僕として僕は行く。

旧・躁転航路

爆音ゾーン

 クラブやライブハウスが最も優れている点は、音がバカデカい点だと思う。といっても、ただの雑音がバカみたいに大きな音で鳴っているのではなく、そこには音楽という名で纏められるような、音の調和的な連なりがある。ただ、思うに、音というものは音としか形容できない。少なくとも僕にとっては。それを何らかの文言、たとえば風景だとかに仮託して語るのは、音自体が持っている、言語的な「意味」からの自由を冒涜しているように思う。
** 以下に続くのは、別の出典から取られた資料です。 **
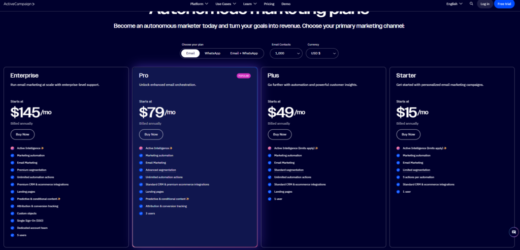 A tiered pricing structure based on contacts and features is used by ActiveCampaign. Basic email marketing is included in entry-level plans; advanced automation, CRM, lead scoring, and sales pipelines are added in higher tiers. This structure is intended for companies that require marketing automation and more in-depth customer journeys.
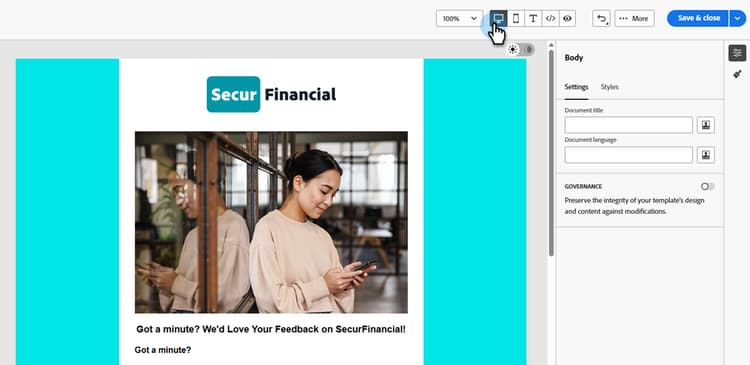 Met de geavanceerde HTML-modus kunt u de onbewerkte broncode van e-mailsjablonen rechtstreeks vanuit de Marketo Engage E-mailinterface van Designer weergeven en bewerken.
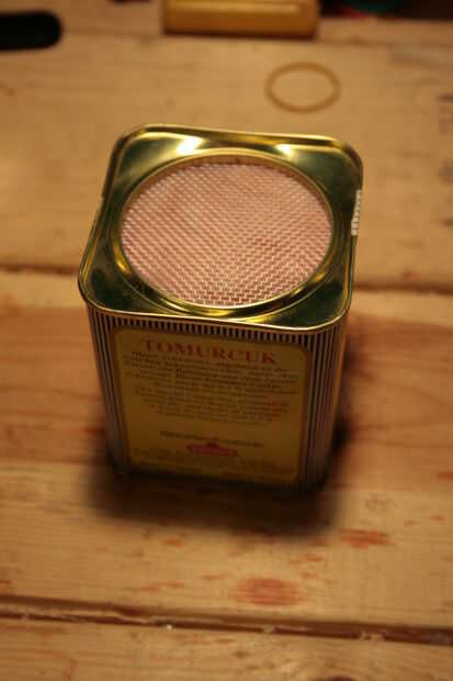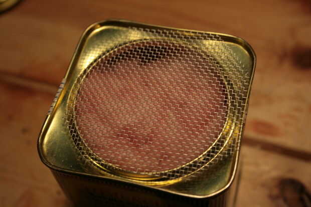 Paso 5: Presione esta pantalla hacia abajo sobre la fibra de vidrio y bajo los bordes de la abertura de la lata. Asegúrese de utilizar únicamente las piezas de pantalla de aluminio! Invierta la lata y golpear la parte superior de la lata abajo inteligentemente todo dentro y darle un aspecto suave a la zona del quemador.
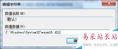 10、將數(shù)值數(shù)據(jù)%SystemRoot%/System32/msxml6.dll更改為C:/Windows/System32/msxml6.dll,改好后點(diǎn)擊確定。

 僕が、特定の音楽をして「意味のある音楽」、「意味の無い音楽」と言うのは、そこに何らかの言語的意味性、メッセージ性が載せられているか否かの区別に基づく。だから、本当に精神的に参っている状態、すなわち、耳に爆音を注いで意味性を遮断していない状況下における、全く度し難い、世界に意味性が氾濫しむしろ意味不明になっていて、そんな無闇矢鱈に多い意味性から距離を置いておきたい状態には、ライブハウスでバンドの歌を聞いているよりは、「ただダンサブルであること」のみを追求するような、歌詞のないダンスミュージックをひたすら聞いているほうが心地よい。あの空間の内部では、行ったことがある人はイメージしやすいかと思うが、フロアで隣にいる人に話しかけるのも耳打ちのようにしなければならず、そして耳打ちしたとしても会話は聞こえ辛い。要するに、そこは、「意味」を媒介とする言語的コミュニケーションの専横を、純粋に無意味性が覆い尽くしてしまう、この世における唯一のユートピアである。人は睡眠時ですら夢を見たりと、どこまでも意味性や物語性に束縛されているように感じるけれど、あそこでは、そんな風に語ろうとする無意識すらも沈黙せざるを得ない爆音がある。いわば、意味が無意味を屈服させられる空間なのである。そこには意味など無いのだから、当然ながら考えるべきこともない。無意識は、夢を見るときのように語ろうとするよりも遥かに強く、音の連なりに体を従わせようとする。意味も、意識と無意識も、ただ意味性を放棄した純粋な音の衝動の前には屈服せざるを得ない。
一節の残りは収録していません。